Monday, September 23, 2019

Moving

It's been almost 2 months since we left California and all the comfort of home.  Left all the people that are important to us, people who have been there for me throughout all life milestone and seeing my girls grow.  We left everything that we knew and was comfortable with to a place that is very unfamiliar and unknown.  Throughout the process I haven't felt sad or lonely, and it's because I have kept my self super busy so I don't have to think about it.  I don't have to feel the full weight of leaving everything behind.  Trying to be ok for my girls because I know it's going to be hard for them to leave everyone they know.  Telling and making my self believe that its a good move for our family because I know that God is perfect and loving and will never leave us.  Trying to be ok because I didn't want Caleb to feel bad that he was moving all of us.  Telling him it was okay to move because I trust his leadership but yelling inside that I would rather have stayed home, yet having peace saying "yes" to being ok to move.  But I also know that God's wisdom is higher than mine and I can trust in Him.  Not to say it's going to be easy and all I want is to know what He has in store for us but trusting Him is not about living an easy life.  Sometimes the path we take is very unknown to us but that doesn't mean it's unknown.  All those times I have read in Scripture that God is a good God, that God knows what's best, that God will never leave His children must be put into action rather than just thoughts.  Through this valley of unknown there is certainty that He knows what's going on.  I must fix my eyes on Him who is the founder and perfecter of my faith understanding that He is not finished with me and my family yet.  He is not finished with Caleb has He continues to mold him to be the leader of our family.  Now that the girls are in school and our schedule is back in order, I find myself sitting alone (while the baby sleeps) and ponder about this move.  And honestly I don't like it and I'm sad that I'm away from everyone.  But just because I don't like it doesn't mean it was a wrong decision to move.  Just because I'm sad doesn't mean we made a mistake.

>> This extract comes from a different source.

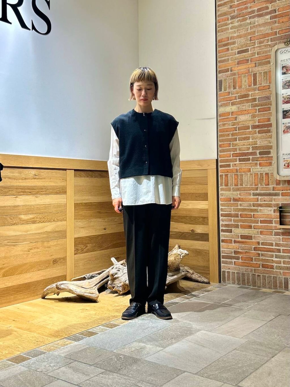 ウールベストとダウンのあったかコーデ。

Being sad doesn't show that I do not trust Him and believe in His promises to His children.  Being sad to be away from everyone shows that I am a creature of emotions (yes I have emotions) and that it's okay to be sad, angry, confused, and at peace all at the time as trusting in my Lord and Savior.  Having emotions doesn't take away from the fact that I know who my God is and that I know that He works all things together for good to those He has called and loved.  Christian growth is a process (sanctification) and it's through all the emotions and questions I have regarding this move will draw me closer to Him.

Time will tell on what the Lord has in store for my family.  For being so far away from everyone we know.  Starting all over with relationships with other people.  So I will just wait and see.